New Altair Community Member
Updated by hughesfleming68
In addition to the video and process kindly posted by @Maerkli, with time series data, you will need to know what first order differencing is and why you might need to use a moving average to de-trend your data. You will have to understand your data first so plot it out and take a look.
Hello to all
Thank you very much for helping my dear friends

I am a beginner in time series.
I studied the basic concepts
But it is difficult to understand and generalize the concepts of theory to practical
My data is related to a sensor that is received at different times.
I want to anticipate new values for later on these data
But do not know where to start 

So, I asked experienced friends at the forum for help.
I'm sure to try to create a process. So friends can guide me.
Thank you all
good day
Are you trying to predict quality score as a function of time? If so then try looking at the data with the time series operators. You can plot this series and look at it using the Classic Decomposition operator or the Moving Average operator to detect patterns in the data. Then you can choose an appropriate forecast method such as Holt Winters or ARIMA.
Hello
Thank you so much for your reply 

Yes . I want to analyze my data first. And say how data is.
Then, for future periods, I predict the quality and I can report the accuracy of the forecast. But do not know how And what operators should I do?
I do not know which operators and data mining algorithms I use to analyze this kind of data? 

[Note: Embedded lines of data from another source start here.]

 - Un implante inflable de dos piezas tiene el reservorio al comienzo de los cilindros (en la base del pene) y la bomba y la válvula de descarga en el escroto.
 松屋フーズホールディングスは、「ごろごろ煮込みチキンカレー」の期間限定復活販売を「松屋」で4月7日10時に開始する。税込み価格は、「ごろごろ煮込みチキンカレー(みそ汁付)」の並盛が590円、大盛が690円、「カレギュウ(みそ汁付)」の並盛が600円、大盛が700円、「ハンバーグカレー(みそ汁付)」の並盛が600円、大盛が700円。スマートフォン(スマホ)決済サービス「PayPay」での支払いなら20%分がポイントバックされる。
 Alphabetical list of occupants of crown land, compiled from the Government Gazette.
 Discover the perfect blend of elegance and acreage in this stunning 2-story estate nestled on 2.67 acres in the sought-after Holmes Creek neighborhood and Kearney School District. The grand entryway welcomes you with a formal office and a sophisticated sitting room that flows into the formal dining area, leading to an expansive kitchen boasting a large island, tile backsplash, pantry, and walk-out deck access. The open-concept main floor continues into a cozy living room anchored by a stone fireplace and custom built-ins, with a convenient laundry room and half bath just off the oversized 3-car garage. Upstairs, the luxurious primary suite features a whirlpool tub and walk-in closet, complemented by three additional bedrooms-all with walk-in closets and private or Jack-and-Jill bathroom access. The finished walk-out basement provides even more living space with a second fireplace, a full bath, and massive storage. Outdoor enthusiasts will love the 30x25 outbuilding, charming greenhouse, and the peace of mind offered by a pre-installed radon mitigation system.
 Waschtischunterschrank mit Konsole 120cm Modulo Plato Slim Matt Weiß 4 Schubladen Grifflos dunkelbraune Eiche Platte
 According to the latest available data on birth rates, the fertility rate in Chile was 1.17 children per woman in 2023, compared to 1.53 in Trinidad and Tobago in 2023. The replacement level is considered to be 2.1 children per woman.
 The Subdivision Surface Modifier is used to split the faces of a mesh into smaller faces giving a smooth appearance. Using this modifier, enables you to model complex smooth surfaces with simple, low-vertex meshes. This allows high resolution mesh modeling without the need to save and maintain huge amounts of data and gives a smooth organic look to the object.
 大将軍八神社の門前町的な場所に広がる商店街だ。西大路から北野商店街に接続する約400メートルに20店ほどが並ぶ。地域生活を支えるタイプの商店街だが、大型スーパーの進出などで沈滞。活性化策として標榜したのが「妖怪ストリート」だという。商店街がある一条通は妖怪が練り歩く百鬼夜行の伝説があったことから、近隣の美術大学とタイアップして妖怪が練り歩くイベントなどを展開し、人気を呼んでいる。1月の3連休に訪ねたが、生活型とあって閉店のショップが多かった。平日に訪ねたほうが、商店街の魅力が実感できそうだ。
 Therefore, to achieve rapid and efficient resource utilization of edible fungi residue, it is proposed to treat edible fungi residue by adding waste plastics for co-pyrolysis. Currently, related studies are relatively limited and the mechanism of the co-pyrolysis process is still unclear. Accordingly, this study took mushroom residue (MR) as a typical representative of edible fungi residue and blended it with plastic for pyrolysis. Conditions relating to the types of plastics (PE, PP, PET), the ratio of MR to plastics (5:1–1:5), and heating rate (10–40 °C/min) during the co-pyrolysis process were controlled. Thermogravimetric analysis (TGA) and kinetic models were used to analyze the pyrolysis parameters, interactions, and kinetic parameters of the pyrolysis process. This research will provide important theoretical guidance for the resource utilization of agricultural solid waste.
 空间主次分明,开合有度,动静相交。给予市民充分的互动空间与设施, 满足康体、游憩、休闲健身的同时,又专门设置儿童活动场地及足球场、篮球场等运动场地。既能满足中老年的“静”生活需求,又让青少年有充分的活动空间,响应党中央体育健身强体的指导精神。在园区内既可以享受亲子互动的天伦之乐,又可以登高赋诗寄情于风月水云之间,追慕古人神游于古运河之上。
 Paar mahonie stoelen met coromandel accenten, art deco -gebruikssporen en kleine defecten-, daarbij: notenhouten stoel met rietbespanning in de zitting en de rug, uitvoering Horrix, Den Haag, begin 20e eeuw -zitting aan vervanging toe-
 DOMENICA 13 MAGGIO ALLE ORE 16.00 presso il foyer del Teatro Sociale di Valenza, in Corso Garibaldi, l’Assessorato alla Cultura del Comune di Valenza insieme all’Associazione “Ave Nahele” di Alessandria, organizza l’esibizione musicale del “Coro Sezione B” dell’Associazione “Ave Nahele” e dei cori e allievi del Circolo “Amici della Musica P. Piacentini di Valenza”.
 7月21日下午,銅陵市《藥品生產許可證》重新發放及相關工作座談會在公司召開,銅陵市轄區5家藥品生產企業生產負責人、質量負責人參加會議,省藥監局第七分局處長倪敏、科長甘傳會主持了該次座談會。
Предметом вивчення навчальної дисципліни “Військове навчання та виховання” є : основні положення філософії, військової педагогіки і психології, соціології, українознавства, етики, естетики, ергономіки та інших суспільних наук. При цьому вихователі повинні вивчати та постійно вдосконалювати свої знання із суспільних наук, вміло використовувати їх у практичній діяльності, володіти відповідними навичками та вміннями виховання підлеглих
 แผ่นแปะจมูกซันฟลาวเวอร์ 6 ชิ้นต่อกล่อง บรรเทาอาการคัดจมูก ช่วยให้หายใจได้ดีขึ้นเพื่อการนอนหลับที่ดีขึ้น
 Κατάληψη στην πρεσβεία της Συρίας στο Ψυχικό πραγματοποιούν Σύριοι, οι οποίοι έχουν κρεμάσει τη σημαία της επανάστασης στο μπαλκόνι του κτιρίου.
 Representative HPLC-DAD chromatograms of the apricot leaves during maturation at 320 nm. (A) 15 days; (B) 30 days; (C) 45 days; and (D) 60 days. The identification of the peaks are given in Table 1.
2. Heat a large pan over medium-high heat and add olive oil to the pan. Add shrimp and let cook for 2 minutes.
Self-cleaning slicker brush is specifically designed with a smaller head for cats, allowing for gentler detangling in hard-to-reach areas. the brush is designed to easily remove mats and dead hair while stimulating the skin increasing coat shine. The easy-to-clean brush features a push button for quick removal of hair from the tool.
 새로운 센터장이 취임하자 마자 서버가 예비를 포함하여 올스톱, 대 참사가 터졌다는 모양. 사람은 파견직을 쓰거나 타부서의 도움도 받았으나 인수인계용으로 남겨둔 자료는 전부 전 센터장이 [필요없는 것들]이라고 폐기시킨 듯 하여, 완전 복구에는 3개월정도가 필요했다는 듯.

Please help my experienced friends present my example.
Thankful
@student_compute sorry but we've gone over this many times. You MUST learn how to post your XML and your data sets on this forum: https://community.rapidminer.com/discussion/37047.
Others - you are all too kind. Please note.
Scott
Others - you are all too kind. Please note.

Scott
Yes . You are right.
This is an example of my data
But I'm sorry to say that. I really do not know how to use the time series for analysis and forecasting. I searched in the forum but I do not know how to do it for my data? 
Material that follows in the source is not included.